Check with the Department of Family Services. If money is an issue, hey have a list of sliding scale psychologists. At one time I wasn't working, my appointments were $1.

You mentioned the only way out, of what, the past or this relationship with such a wonderful man that you love so much. The past happened, you can't change the past, but what you can do is develop your future.

Your dreams are post traumatic episodes.

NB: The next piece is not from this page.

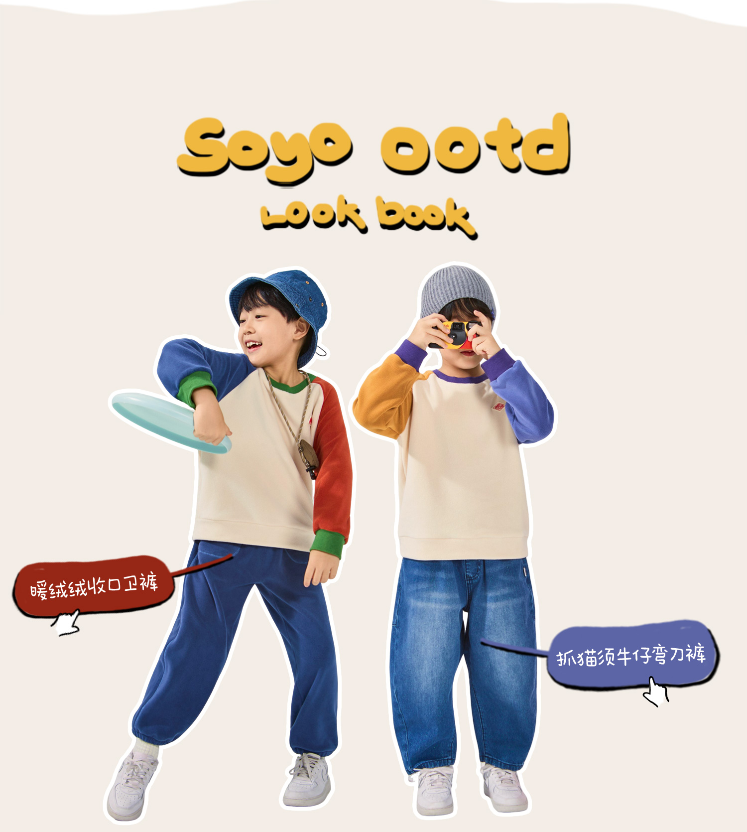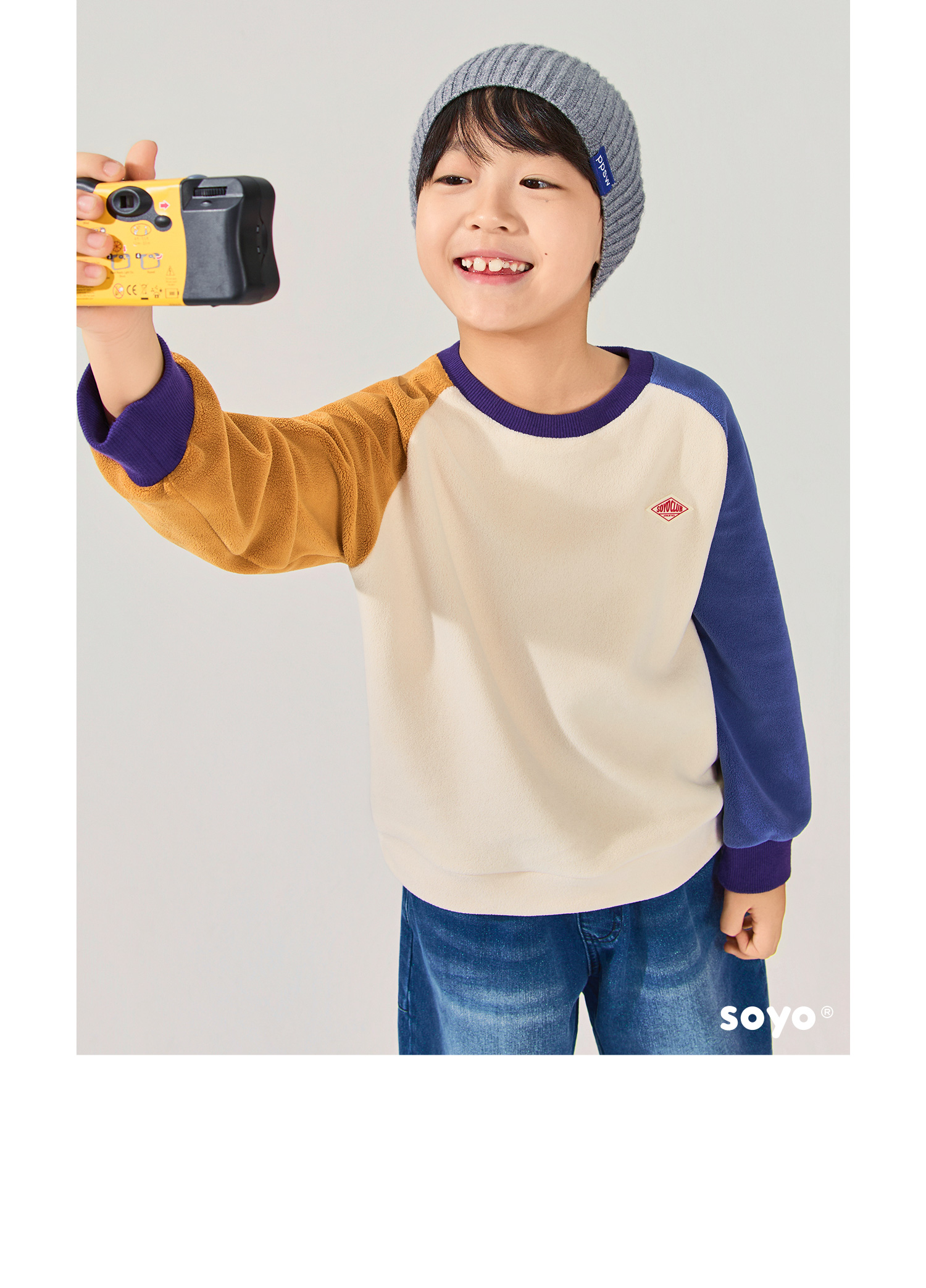 soyo舍予良仓25新款保暖亲肤拼色暖融融插肩袖卫衣
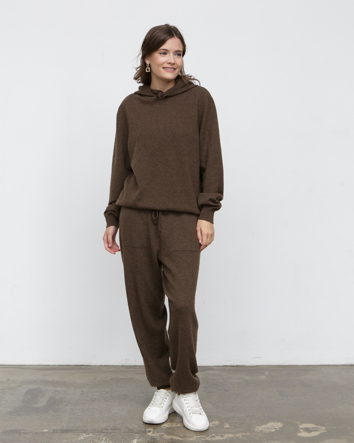 Джемпер с капюшоном из пуха яка 01252 коричневый

I can almost guess from the information you gave, your suffering from post traumatic stress disorder.

You know that now you are safe, you're not in an abusive relationship, all though you have now become the abuser instead of the victim. That happens with this form of trauma, but is not the focus of it. What I want to do is give you a little information on how trauma works, but then you need to seek professional assistance.

Think of your brain as a file cabinet, you have your conscious state of mind and your subconscious state of mind. As the abuse happened it's felt physically, mentally, and visually, that's done in your conscious mind, but after the fact, your brain stores it in your subconscious mind. The problem is, our minds are really bad about filing information. This is why when in an automobile accident, passing the intersection at a later date, a person might cringe or feel a sense of fear, all though the accident is past tense. The same in relationships. The abuse others caused you is now attached to your definition of "relationship", certain things that take place in your relationship, such as arguments, trigger the areas which cause your fear in your past relationships.

I recommend one of two areas of treatment (1) counseling (2) NLP Specialist. (Neuro-linguistics programming) This area of treatment is getting much more popular in refiling trauma. It works and really doesn't take long to do so.